21. Februar 2026 um 11:32

Le taux de croissance de l’activité économique dans la zone euro a atteint son plus haut niveau en trois mois, selon les données préliminaires de l’enquête PMI publiées vendredi 20 février par S&P Global. 

L’amélioration a été la plus marquée dans le secteur manufacturier, où la production a connu sa croissance la plus rapide depuis août 2025. En particulier, l’indice PMI composite combinant le secteur manufacturier et les services a atteint un sommet en trois mois à 51,9 points, contre 51,3 points en janvier.

L’indice PMI de l’activité des entreprises dans le secteur des services a atteint un sommet en deux mois, à 51,8 points, contre 51,6 points précédemment, selon les données de l’enquête…

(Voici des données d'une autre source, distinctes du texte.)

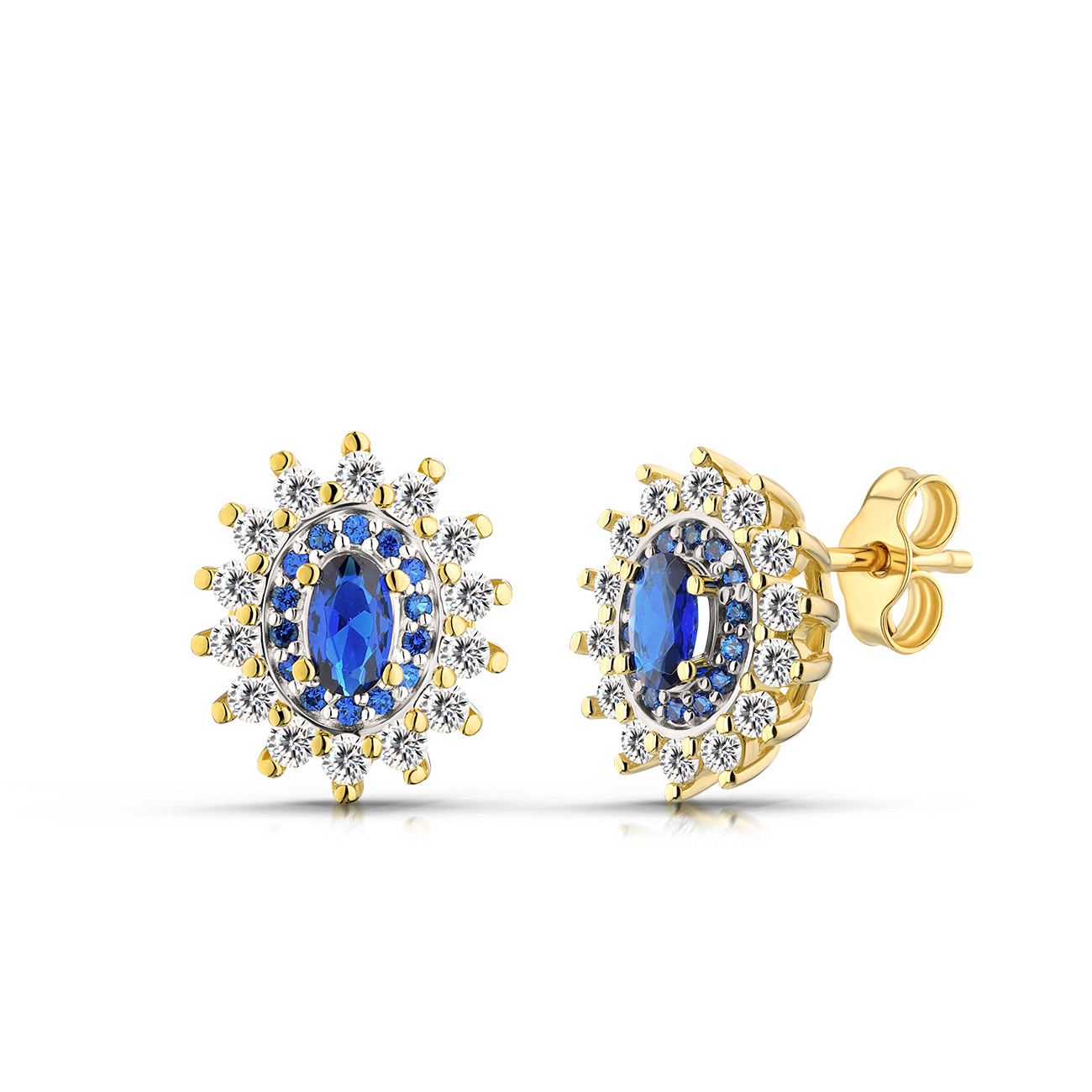 Wyjątkowe kolczyki ze złota o uniwersalnym charakterze. Kamienie szlachetne lub syntetyczne nadają im elegancji i subtelnego blasku. Biżuteria doskonale sprawdzi się jako prezent na każdą okazję.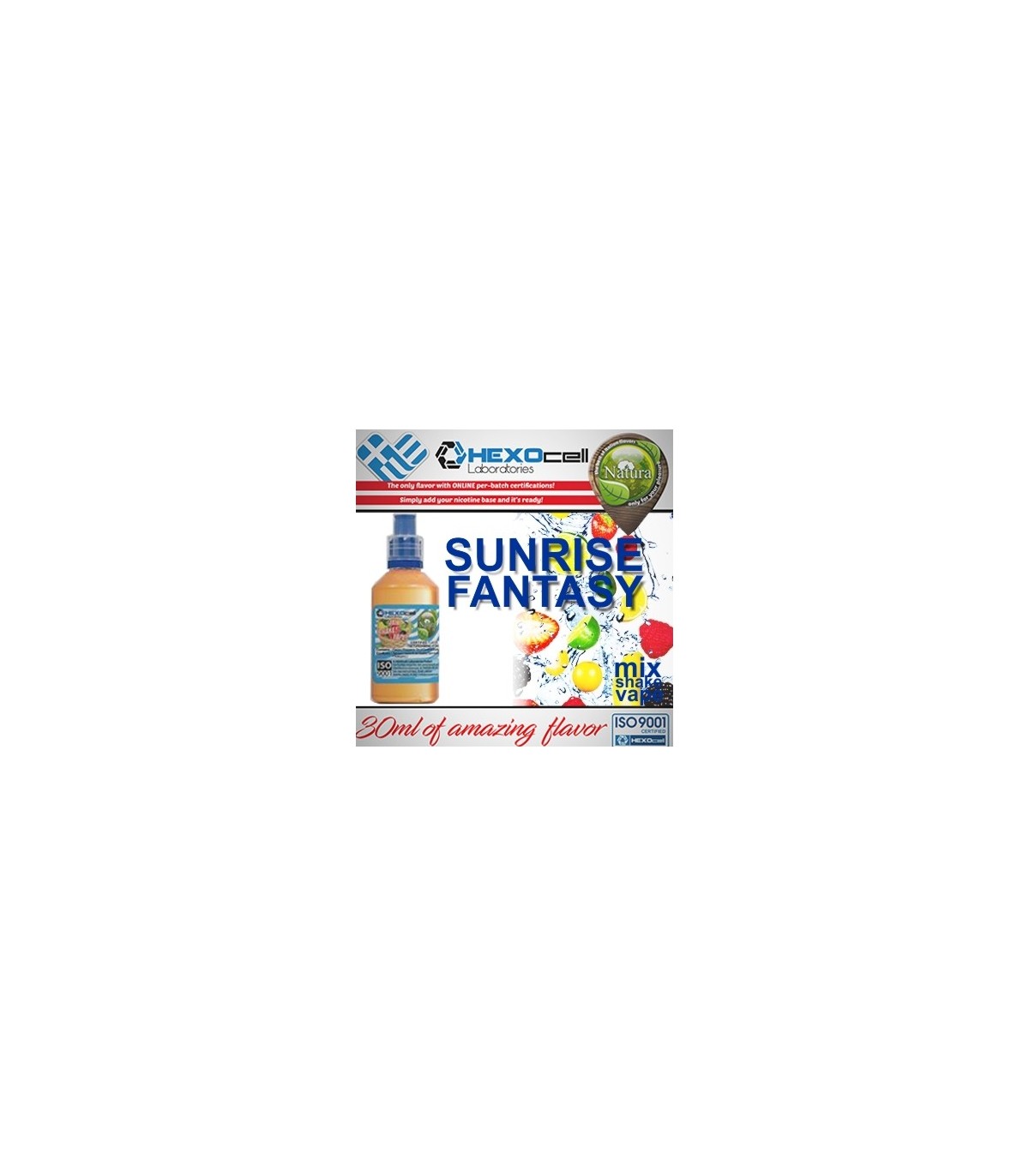 Το υγρό αναπλήρωσης NATURA MIX SHAKE VAPE SUNRISE FANTASY 30/60ML είναι απόλυτα φρουτένιο και περιέχει φρέσκα καλοκαιρινά αρώματα από εσπεριδοειδή μπανάνα βατόμουρο μέντα και τσιχλόφουσκα.

« Il est peut-être encore tôt, mais il pourrait s’agir d’un tournant pour le secteur manufacturier, l’indice PMI étant entré dans une phase de croissance », a commenté le Dr Cyrus de la Rubia, économiste en chef de la Hamburg Commercial Bank. « Depuis juin 2022, cela ne s’est produit qu’une seule fois, en août 2025. Cette fois-ci, les conditions d’une croissance plus soutenue semblent plus favorables », a-t-il ajouté.